One thing I've learned from all of this is, from an analytical point of view, **never trust the primary key**. It defines the granularity—i.e., what constitutes an observation—for recording data, but this may not be what you need for analysis. And if you aren't *expressly *aware of how this difference will affect your calculations, your calculations may very well be incorrect. Because the primary key will affect your denominator whether you are aware or not.

So if you can't trust the primary key, the safest thing to do is to **always collapse the data. **If you aren't doing any grouping, then your collapsing key explicitly equals your observation key. If you are doing grouping, then your collapsing key is the sum of your observation and grouping keys. But one thing's for sure: If you are not collapsing your data, you are implicitly trusting the primary key.

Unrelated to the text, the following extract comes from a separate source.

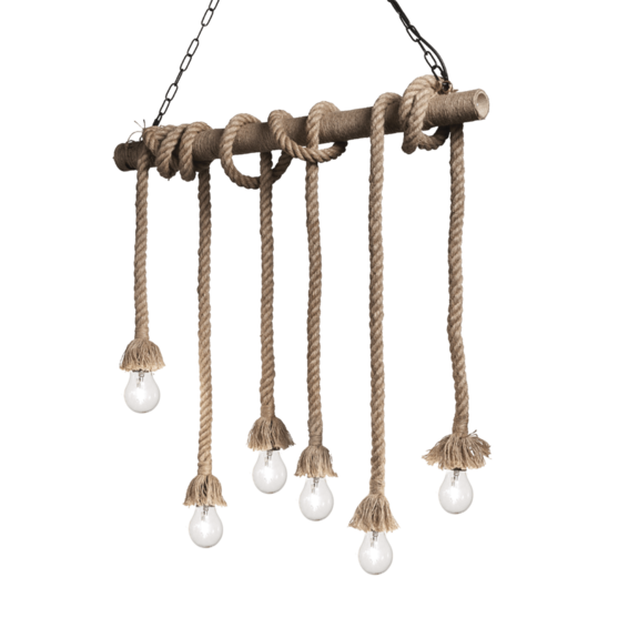 Металлическая арматура и электрические провода полностью покрыты конопляной веревкой натурального цвета.

The second thing I learned is that, totally unrelated to SQL, asking a question about an average is not always intuitive. "What is the average share price by security by day?" is an ambiguous question, even in plain English! Is that an average share price by day for each security, or an average share by security for each day?

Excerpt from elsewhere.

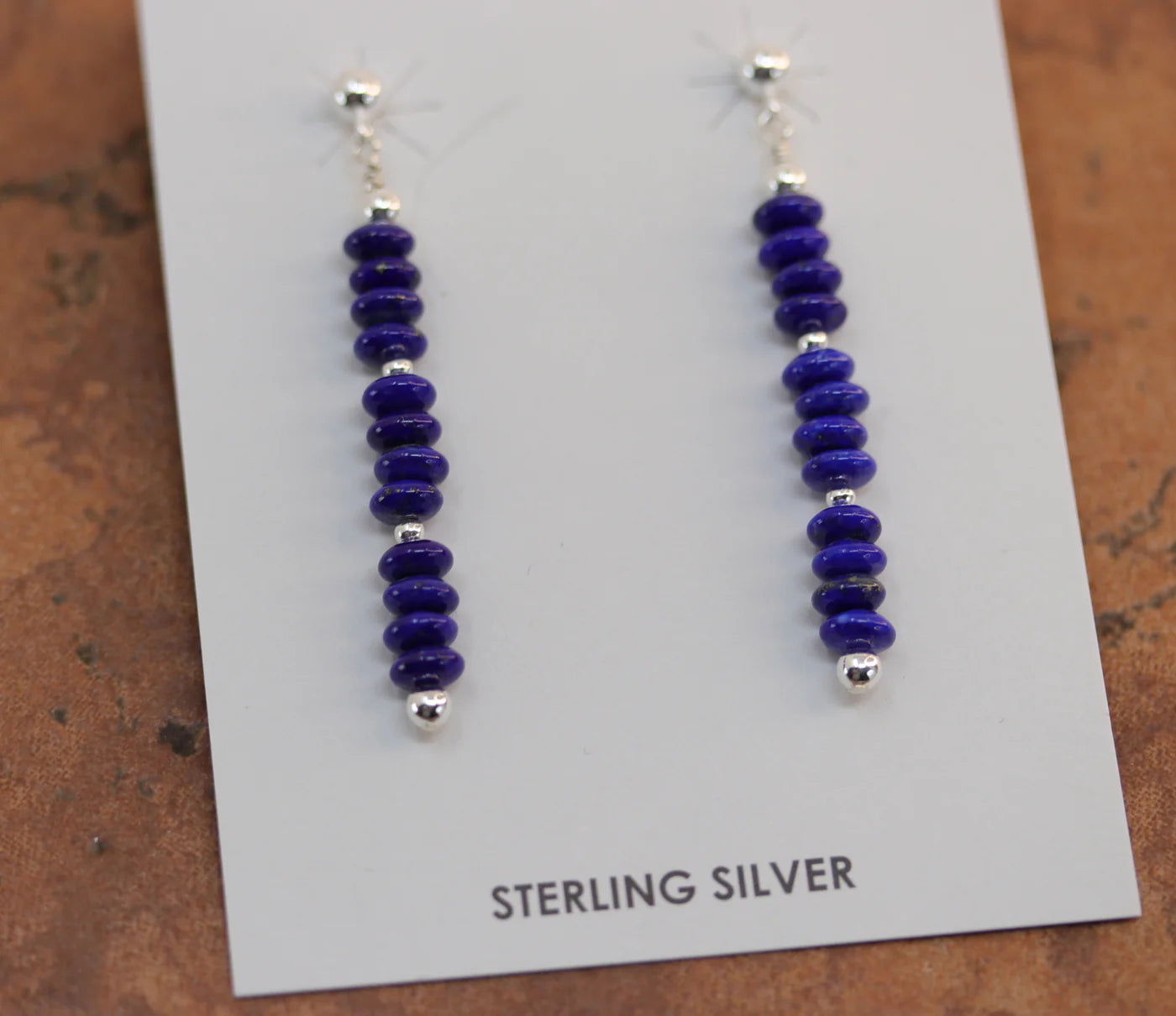 Sterling Silver Navajo Beaded Nugget Lapis Earrings

Business questions don't come in the form of database logic or program code. Rather, they are formulated using *natural language* and must be translated into *data language*. As a data analyst, you must clarify: "**What exactly are we taking the average of?**" Here it's helpful to think in terms of collapsing, grouping, and observation keys, especially when conceptualizing how many observations are going into your denominator.

This problem isn't confined to SQL, but rather any store of relational data, such as pandas.DataFrames or R data tables. And if you're anything like me, you'll go poring over your old code grepping for averages and wonder, "just what exactly am I averaging here?"

*This was originally published on alexpetralia.com and is reprinted with permission.*

*To learn more, attend Alex Petralia's talk, Analyzing data: What pandas and SQL taught me about taking an average, at PyCon Cleveland 2018.*

## 1 Comments

Yes, it is important to know what is the goal.

I think all mentioned problems would also be solved by doing the summing and counting separately, with a general pattern of:

SUM(values) / COUNT(DISTINCT keys)

As you mentioned, table (observation) key might be different than desired grouping key, hence DISTINCT keyword in COUNT.

I do like your approach to do sanity checking every time - reminds me of good practice of testing the code that is quite standard in other software development areas.